Top five categories of diseases and disorders (A and B) and biological functions (C and D) enriched in the non-pleiotropic (A and C) and pleiotropic (B and D) gene sets. The x-axis shows minus log-base-10 transformed false discovery rate adjusted p value (pFDR) (i.e., q value).

Disease annotation showed enrichment of cancers at different sites (with the prevalence of extracranial solid tumor and digestive organ tumor) in both non-pleiotropic and pleiotropic gene sets, although this enrichment was more pronounced in the non-pleiotropic gene set (Supplementary Tables S4 and S5). Apart from cancers, both pleiotropic and non-pleiotropic sets were enriched for the same three brain disorders (familial AD, familial encephalopathy, familial schizophrenia), hypoplasia, and inflammatory bowel diseases, specifically Crohn’s disease (Table 3).

Table 3.

Enrichment of disease and disorder sub-categories in non-pleiotropic and pleiotropic gene sets.
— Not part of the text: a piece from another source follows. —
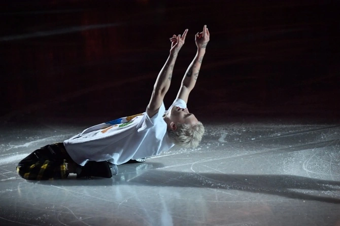 На этот раз фигурист из шоу «Ледниковый период» предстал в образе Снегурочки. Его ампула выдал новогодний наряд — коротенькая нарядная «шуба», голубая корона и длинная блондинистая коса.

	Non-pleiotropic set		Pleiotropic set
Disease and disorder sub-category	PFisher	PFDR	PFisher	PFDR	Score
Crohn disease	3.32E-06	1.52E-04	1.20E-03	3.34E-02	5.29
Inflammatory bowel disease	9.32E-05	2.43E-03	9.08E-04	3.17E-02	4.11
Familial Alzheimer’s disease	6.69E-04	1.25E-02	1.01E-02	5.82E-02	3.14
Familial encephalopathy	6.89E-04	1.27E-02	1.09E-03	3.34E-02	3.37
Syndromic encephalopathy	7.17E-04	1.31E-02	5.10E-03	4.62E-02	3.22
Familial schizophrenia	2.55E-03	3.41E-02	4.85E-03	4.46E-02	2.82
Hypoplasia	3.59E-03	4.32E-02	4.24E-03	4.11E-02	2.75
Chronic inflammatory disorder	4.60E-03	5.03E-02	4.23E-03	4.11E-02	2.68

is p value from the Fisher test; is FDR adjusted p value.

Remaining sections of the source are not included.